> _Study material_:
• • • •

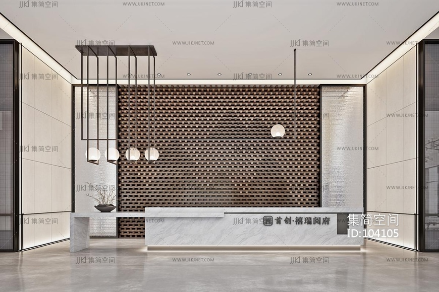 新中式售楼处前台,接待台, 3d模型下载 [模型ID:104105]
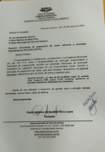 Pedro Américo solicita pagamento de verba impositivas ao Palácio Social
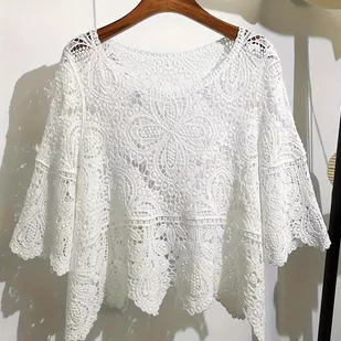 TEMU Damska bluzka w stylu bohemy na wiosnę i , casualowa, urocza, z okrągłym dekoltem i krótkim rękawem
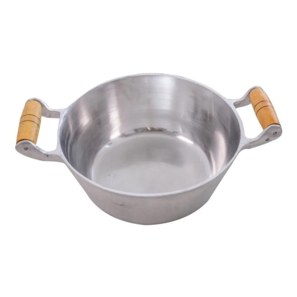 ENVIO IMEDIATO Conjunto com 5 panelas em legítimo alumínio batido super grosso com 4 mm de parede alça de madeira . Vantagens do alumínio batido Qualidade de cocção: O alumínio batido é um material nobre e consagrado na gastronomia brasileira, sua performance térmica é insuperável em virtude da espessura das panelas e das características térmicas próprias do alumínio, o selamento de carnes por exemplo pode ser realizado com perfeição pois a espessura das panelas impedem o arrefecimento do calor na superfície o que seria prejudicial ao processo. Economia: Tendo elevado calor especifico as panelas se aquecem rapidamente o que reduz o consumo de gás. Durabilidade: Não é incomum encontrar panelas de alumínio batido com 40 ou 50 anos, e mesmo depois de tanto tempo elas mantem seu brilho, isto se dá em decorrência do fato de o processo de oxidação do alumínio não gerar ferrugem, em vez disso não oxidação o alumínio gera uma camada fina de óxido de alumínio que é transparente e protege o alumínio do próprio processo de oxidação. Além disso a espessura acentuada do alumínio batido faz com que elas não se amassem, por exemplo ao cair no chão. Portanto não tenha dúvida você está adquirindo panelas que irão durar muito e permanecerão bonitas e funcionais. O que vai no seu conjunto: 1 Panela 14 acompanhada de tampa de alumínio comum. 1 Panela 16 acompanhada de tampa de alumínio comum; 1 Panela 18 acompanhada de tampa de alumínio comum; 1 Panela 20 acompanhada de tampa de alumínio comum; 1 panela 22 acompanhada de tampa de alumínio comum; Todas medidas das panelas: Panela número 14 .tem capacidade de 9 ml- 7 cm de altura - 14 cm diâmetro Panela número 16. Tem capacidade 1,3 litros-8,7cm de altura-16cm diâmetro Panela número 18.tem capacidade 1,7 litros - 8,9cm de altura - 18cm diâmetro Panela número 20.tem capacidade 2,4litros - 9,5cm de altura - 20cm diâmetro Panela número 22.tem capacidade de 3 litros - 10,2cm de altura - 22cm diâmetro
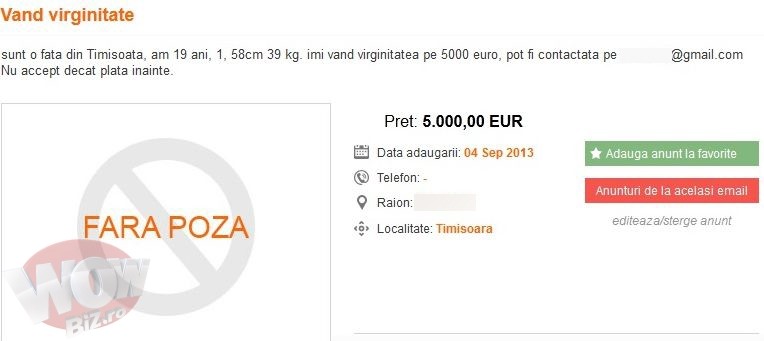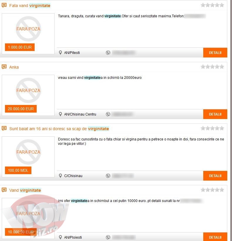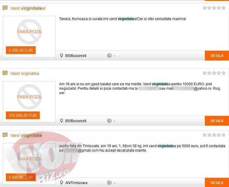 Romancele isi vand virginitatea pe internet cu sume cuprinse intre 1.000 si 20.000 de euro! Disperate dupa bani, unele tinere se umilesc in ultimul hal: "Plata inainte! Sunt de acord sa se faca si verificare!"
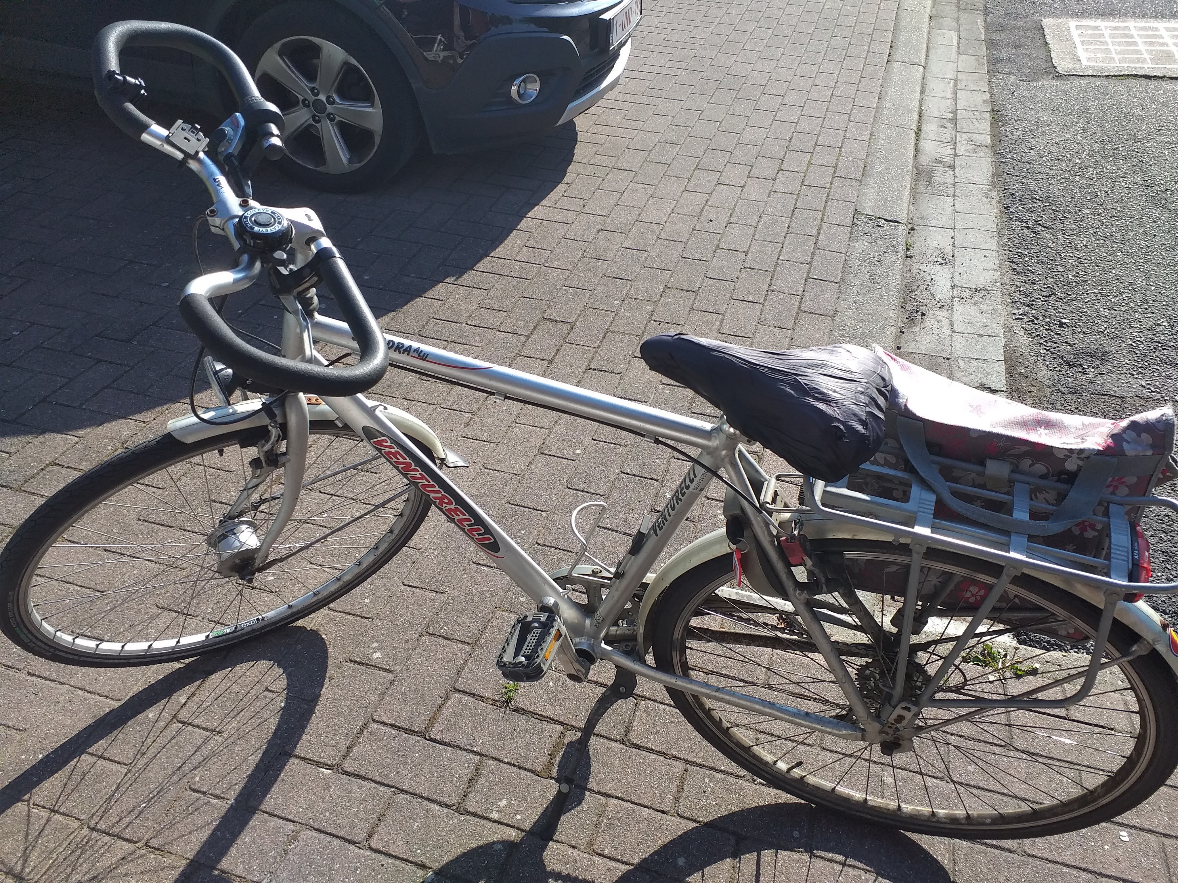 Een beetje later was ik terug bij moeder met de boodschappen. Ik bleef niet lang want ik wilde tenslotte ook nog eens in mij eigen huis vertoeven. Net toen ik neerzat op de bank kreeg ik een sms van de fietsenzaak hier vlakbij dat mijn fiets hersteld is. Het euvel kon ik niet in het Fietspunt laten herstellen, maar die fietsenhersteller kon dan wel, dus….
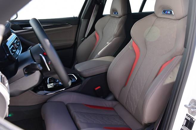 그러면서 풀 디지털 계기판과 와이드 디스플레이가 적용되며 나름대로 하이테크한 느낌도 살렸다. 그 외에 이 차는 일반 X4와 달리 고성능 M 모델임을 강조하는 포인트가 몇 군데 있는데, 우선 센터 콘솔 안쪽에 X4 M 레터링과 M이 음각된 기어 레버, 그리고 세미 버킷 시트, M의 삼색 컬러가 적용된 안전벨트 등이 있다.
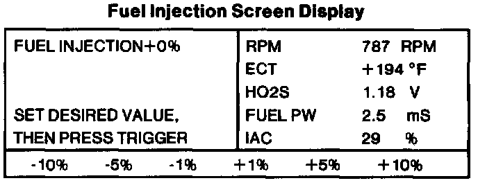 A. FUEL INJECTION is set at +0%. Use the number keys, 3 through 8, to set the desired fuel injection value. The setting range is -25% to +25%. Engine rpm, ECT sensor temperature, Heated Oxygen Sensor (HO2S) voltage, fuel pulse width (FUEL PW) and IAC valve opening are displayed. When this test is done, press CANCEL to return to the ACTIVE COMMAND MODES menu (Screen Display J).

• • • •

> _Instructions for the task_:
Ignore the images and quote every line of the listing exactly.

> _Finished task_:
 新中式售楼处前台,接待台, 3d模型下载 [模型ID:104105]
 Pedro Américo solicita pagamento de verba impositivas ao Palácio Social
 TEMU Damska bluzka w stylu bohemy na wiosnę i , casualowa, urocza, z okrągłym dekoltem i krótkim rękawem
 ENVIO IMEDIATO Conjunto com 5 panelas em legítimo alumínio batido super grosso com 4 mm de parede alça de madeira . Vantagens do alumínio batido Qualidade de cocção: O alumínio batido é um material nobre e consagrado na gastronomia brasileira, sua performance térmica é insuperável em virtude da espessura das panelas e das características térmicas próprias do alumínio, o selamento de carnes por exemplo pode ser realizado com perfeição pois a espessura das panelas impedem o arrefecimento do calor na superfície o que seria prejudicial ao processo. Economia: Tendo elevado calor especifico as panelas se aquecem rapidamente o que reduz o consumo de gás. Durabilidade: Não é incomum encontrar panelas de alumínio batido com 40 ou 50 anos, e mesmo depois de tanto tempo elas mantem seu brilho, isto se dá em decorrência do fato de o processo de oxidação do alumínio não gerar ferrugem, em vez disso não oxidação o alumínio gera uma camada fina de óxido de alumínio que é transparente e protege o alumínio do próprio processo de oxidação. Além disso a espessura acentuada do alumínio batido faz com que elas não se amassem, por exemplo ao cair no chão. Portanto não tenha dúvida você está adquirindo panelas que irão durar muito e permanecerão bonitas e funcionais. O que vai no seu conjunto: 1 Panela 14 acompanhada de tampa de alumínio comum. 1 Panela 16 acompanhada de tampa de alumínio comum; 1 Panela 18 acompanhada de tampa de alumínio comum; 1 Panela 20 acompanhada de tampa de alumínio comum; 1 panela 22 acompanhada de tampa de alumínio comum; Todas medidas das panelas: Panela número 14 .tem capacidade de 9 ml- 7 cm de altura - 14 cm diâmetro Panela número 16. Tem capacidade 1,3 litros-8,7cm de altura-16cm diâmetro Panela número 18.tem capacidade 1,7 litros - 8,9cm de altura - 18cm diâmetro Panela número 20.tem capacidade 2,4litros - 9,5cm de altura - 20cm diâmetro Panela número 22.tem capacidade de 3 litros - 10,2cm de altura - 22cm diâmetro
 Romancele isi vand virginitatea pe internet cu sume cuprinse intre 1.000 si 20.000 de euro! Disperate dupa bani, unele tinere se umilesc in ultimul hal: "Plata inainte! Sunt de acord sa se faca si verificare!"
 Een beetje later was ik terug bij moeder met de boodschappen. Ik bleef niet lang want ik wilde tenslotte ook nog eens in mij eigen huis vertoeven. Net toen ik neerzat op de bank kreeg ik een sms van de fietsenzaak hier vlakbij dat mijn fiets hersteld is. Het euvel kon ik niet in het Fietspunt laten herstellen, maar die fietsenhersteller kon dan wel, dus….
 그러면서 풀 디지털 계기판과 와이드 디스플레이가 적용되며 나름대로 하이테크한 느낌도 살렸다. 그 외에 이 차는 일반 X4와 달리 고성능 M 모델임을 강조하는 포인트가 몇 군데 있는데, 우선 센터 콘솔 안쪽에 X4 M 레터링과 M이 음각된 기어 레버, 그리고 세미 버킷 시트, M의 삼색 컬러가 적용된 안전벨트 등이 있다.
 A. FUEL INJECTION is set at +0%. Use the number keys, 3 through 8, to set the desired fuel injection value. The setting range is -25% to +25%. Engine rpm, ECT sensor temperature, Heated Oxygen Sensor (HO2S) voltage, fuel pulse width (FUEL PW) and IAC valve opening are displayed. When this test is done, press CANCEL to return to the ACTIVE COMMAND MODES menu (Screen Display J).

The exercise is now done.